## [Exercise requirements]
Reproduce the listing below exactly, beginning with its first line and ending with the line that holds "(Used) 2014 Cummins"; pictures are not part of the copy.

## [Dataset excerpt]
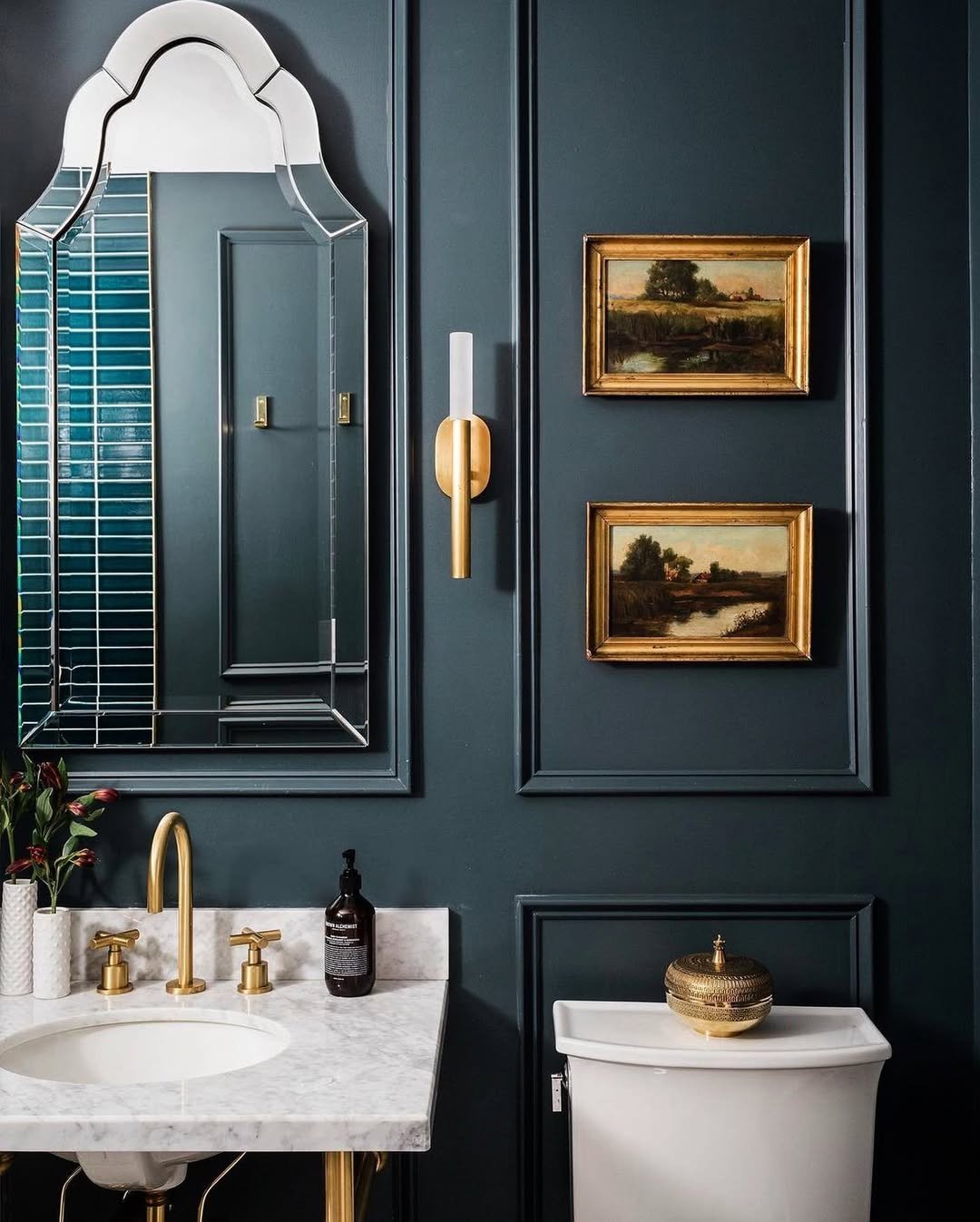 This one leans all the way into drama—and it works. That rich teal paired with brass details and classic molding feels bold but incredibly put together.
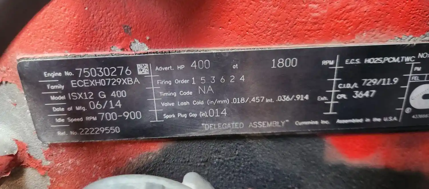 (Used) 2014 Cummins ISX12-G, ENGINE ASSEMBLY- Family Number: ECEXH0729XBA, Displacement: 11.9L, Horsepower: 400, Ar.No./CPL: 3647, Serial Number: 75030276, Part Number: 22229550, E.C.S: HO2S, PCM, TWC, Fuel: LNG,
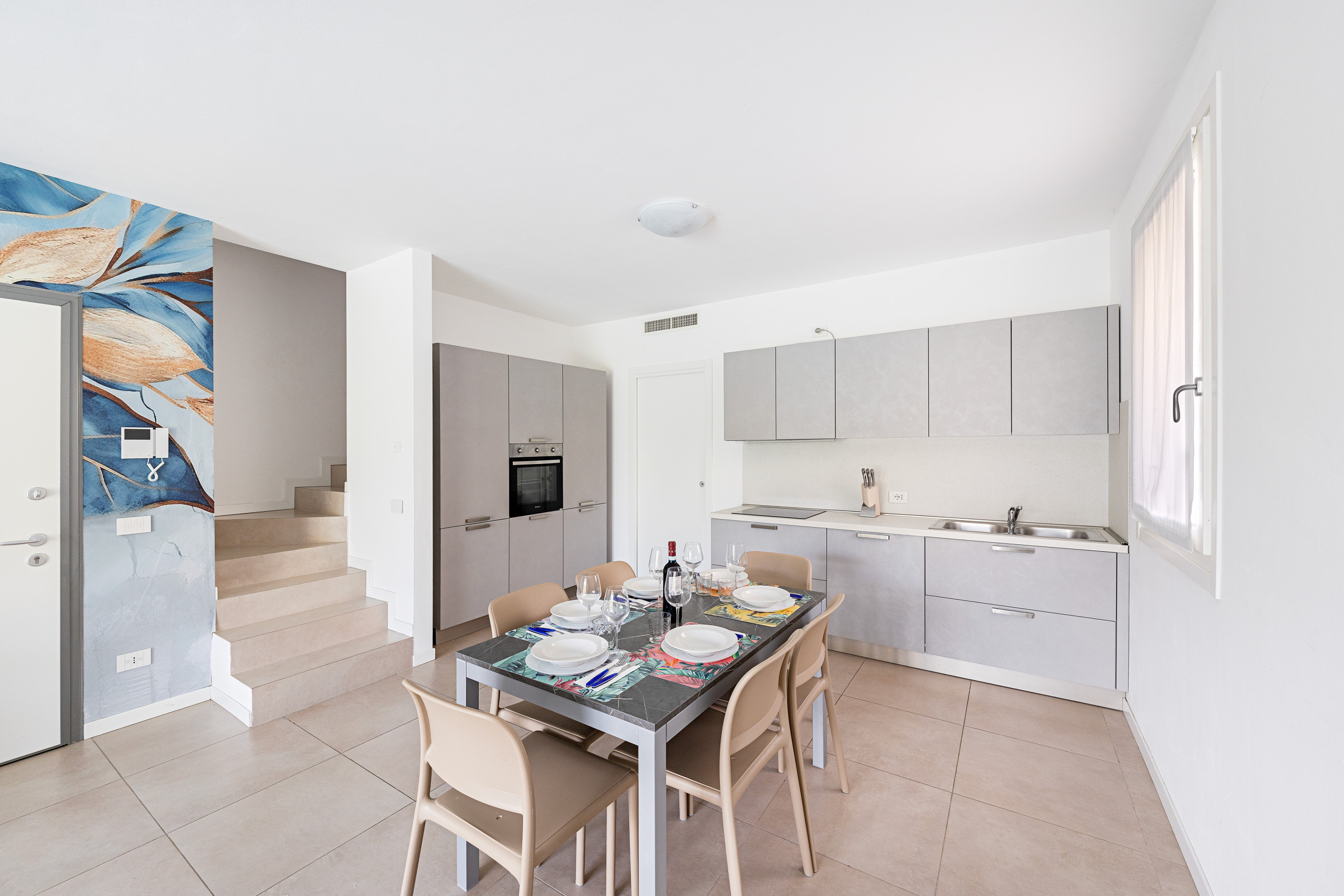 Diese charmante Unterkunft empfängt die Gäste in einem großzügigen und hellen Wohnzimmer, ausgestattet mit einem bequemen Doppelschlafsofa, Esstisch mit Stühlen, Smart-TV und einer modernen, offenen Küche mit kompletter Ausstattung: Backofen, Mikrowelle, Geschirrspüler, Wasserkocher, Zitruspresse, Toaster und amerikanische Kaffeemaschine.

## [Exercise response]
 This one leans all the way into drama—and it works. That rich teal paired with brass details and classic molding feels bold but incredibly put together.
 (Used) 2014 Cummins ISX12-G, ENGINE ASSEMBLY- Family Number: ECEXH0729XBA, Displacement: 11.9L, Horsepower: 400, Ar.No./CPL: 3647, Serial Number: 75030276, Part Number: 22229550, E.C.S: HO2S, PCM, TWC, Fuel: LNG,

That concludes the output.